Unwillingly cast in the Donegal in summer role, EMEA is going to get it quite a lot worse, with “a 14% decline in 2022, driven by lack of consumer PC demand”.

In light of Gartner’s forecast, there were some interesting snippets in the TD Synnex conference call with analysts on its Q2 results a week earlier. Asked about the state of the PC market, CEO Rich Hume replied that commercial PCs were still enjoying “some pretty good demand” but the weakness was in the consumer side “at least for the foreseeable future”.

He appeared to back up Gartner’s suggestion that EMEA’s performance lagged the global market when he said the Americas market had enjoyed mid to high single digit growth, but Europe had “been bumping around flat overall”.

Overall, however, Hume noted that PCs were “moderating with a particular emphasis of the consumer segment being sort of weaker”. On the positive side, the advanced solutions part of the business, which covers data centre and infrastructure, was experiencing solid demand with higher growth rates.

In a separate interview with CRN, Hume explained that “during the pandemic, the advanced solutions were typically project deployments. And since people were not physically in [the office], a lot of that got deferred. So there’s been a pretty good level of pent-up demand that I think will be fulfilled throughout this year and the beginning of next year”.

There was also some interesting stuff about pricing.

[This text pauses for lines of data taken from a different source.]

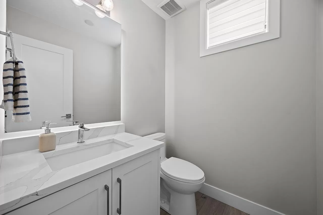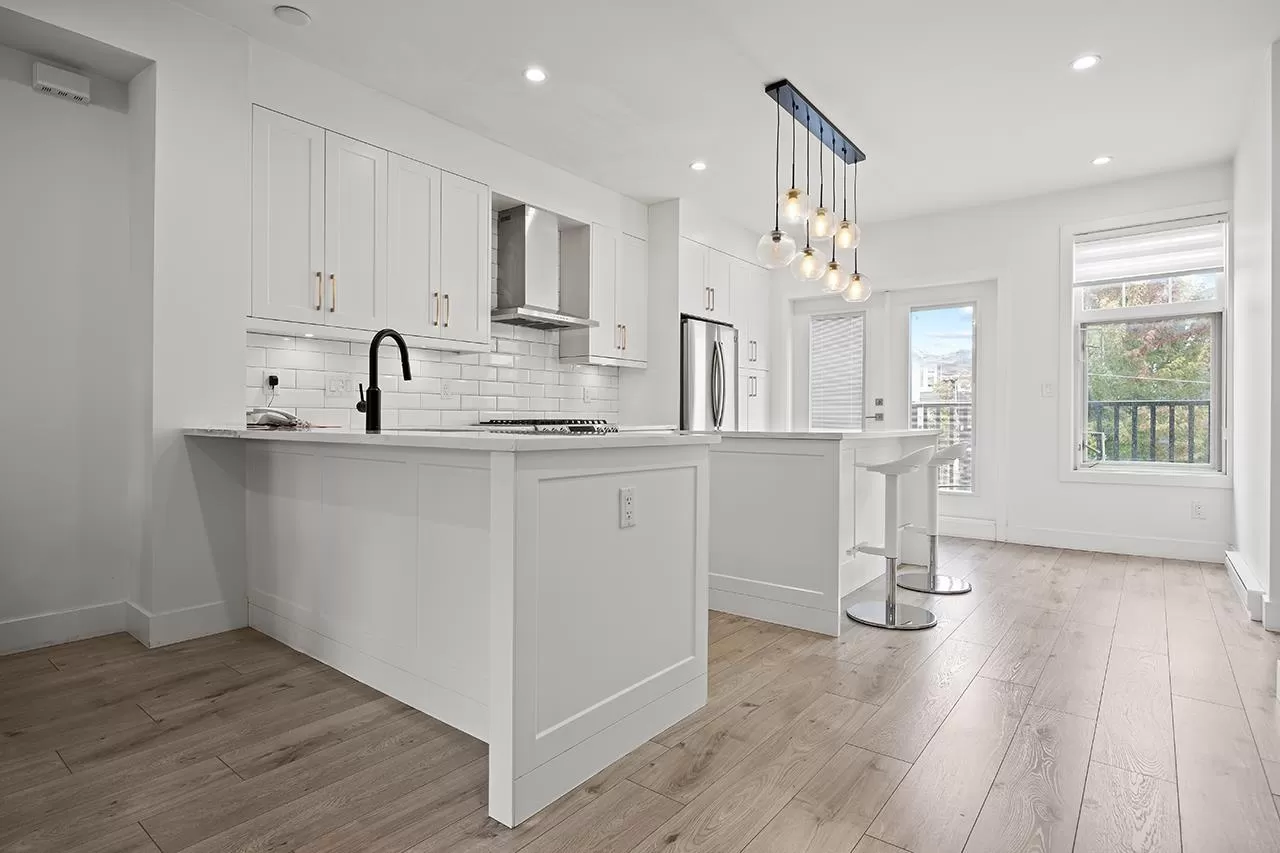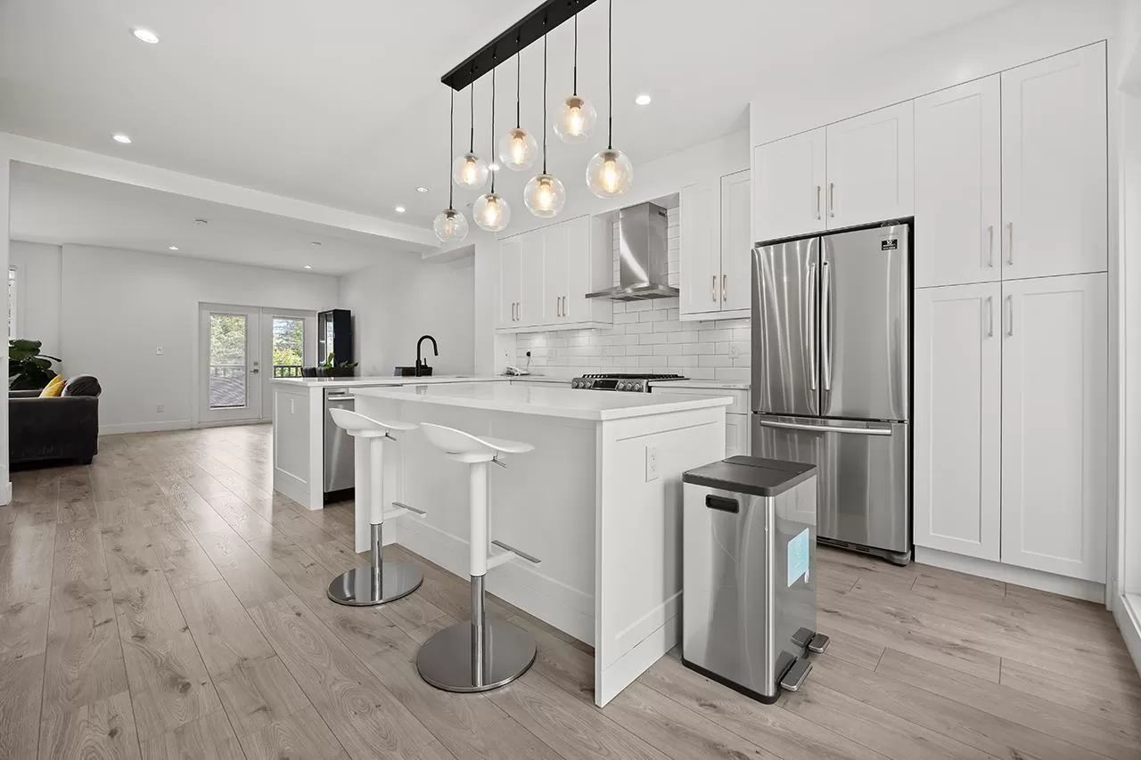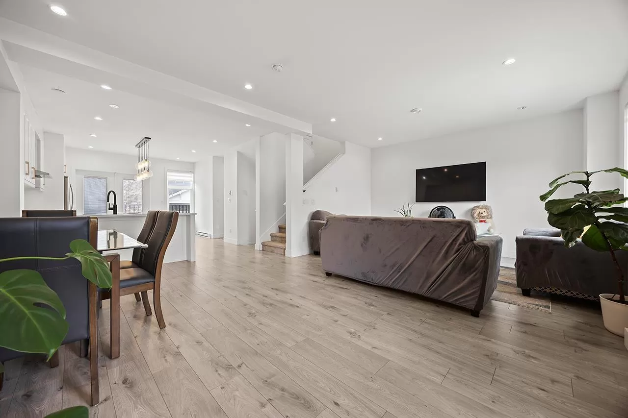Welcome to Cyrus Hill in the highly sought-after Sunshine Hills community of North Delta! This modern 4-year-old townhouse offers spacious and comfortable living with 4 bedrooms and 3.5 bathrooms. The open-concept main floor features a stylish kitchen with Samsung stainless steel appliances, a 5-burner gas range, quartz countertops, and sleek laminate hardwood flooring. Upstairs you'll find 3 generous bedrooms including a bright primary with walk-in closet and spa-inspired double-sink ensuite, plus laundry for convenience. The lower level includes a 4th bedroom, full bath, and large rec room, perfect for guests or family use. Enjoy the side-by-side double garage and a location directly facing 116 Street, close to transit, shopping, dining, and entertainment. Families will appreciate being in the catchment for top-ranked Seaquam Secondary. A beautiful home in a prime location-don't miss this one! (id:27476)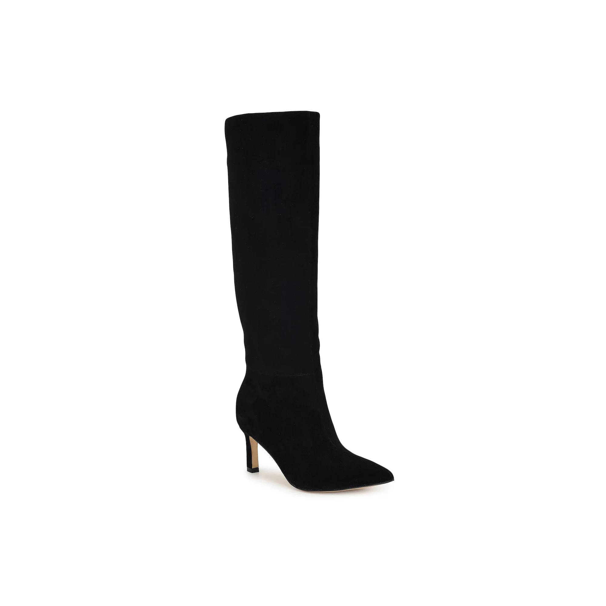 Step into style and comfort with these chic wide calf knee-high dress boots from Nine West. Perfect for pairing with your favorite dresses or jeans, they’ll keep you feeling fabulous while putting a little pep in your step. Click this FOOTWEAR GUIDE to find the perfect fit and more! - https://www.kohls.com/feature/shoesizeguide.jsp. FEATURES: Wide calf design. FIT & SIZE: Boot shaft height: 15.5-in., Boot shaft circumference: 15.8-in., Knee high boot shaft detail. MATERIAL & CARE: Leather, suede upper, Synthetic midsole, lining & outsole, Spot clean. DETAILS: Pointed toe, Pull-on closure, Flat sole - no defined tread pattern, Heel height: 2.5-in., Imported. Size: 9. Color: Black Suede. Gender: female. Age Group: adult.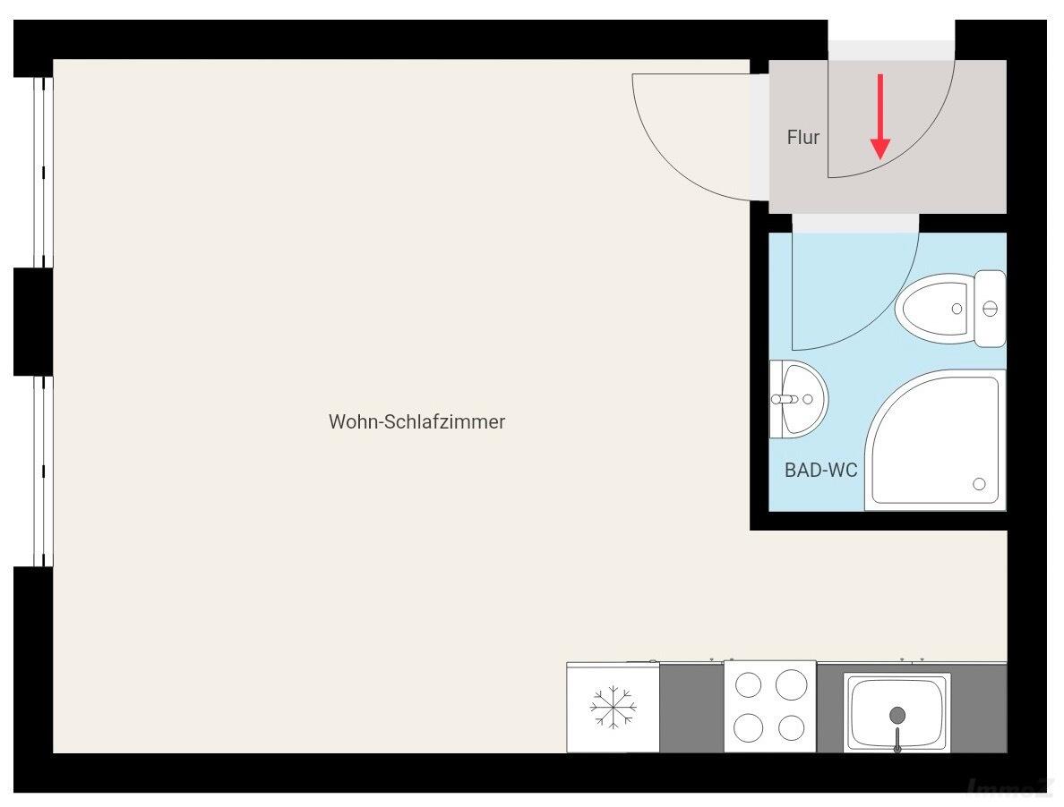 Die Wohnung besticht durch ihre praktische Aufteilung mit einem Zimmer, einer Einbauküche und einem Badezimmer mit einer Dusche und einem WC mit Häcksler.

Asked whether he expected vendors to continue to raise prices, Hume noted there had been price changes over the last 12-18 months and they would continue “as we move forward” until the inflationary impact calmed down. “I think that they’ll ultimately start to abate,” he added.

While we wait for things to change for the better, the good news is that the sun has just come out in Donegal.

Mickey Mouse outfit

The other big early news of the month is that Mickey Mouse may be leaving Disney in 2024 after 95 years at the company since his breakthrough role in Steamboat Willie in November 1928. Under copyright laws, the company’s intellectual property rights to the famous rodent expire in under two years time.

The creation of Mickey was the crucial first step in the company’s journey from an insignificant animation business to today’s mass media and entertainment conglomerate. Which makes it ironic when people try to insult or demean an organisation by labelling it a ‘Mickey Mouse operation’ because they’re actually comparing it to a $67.4 billion business.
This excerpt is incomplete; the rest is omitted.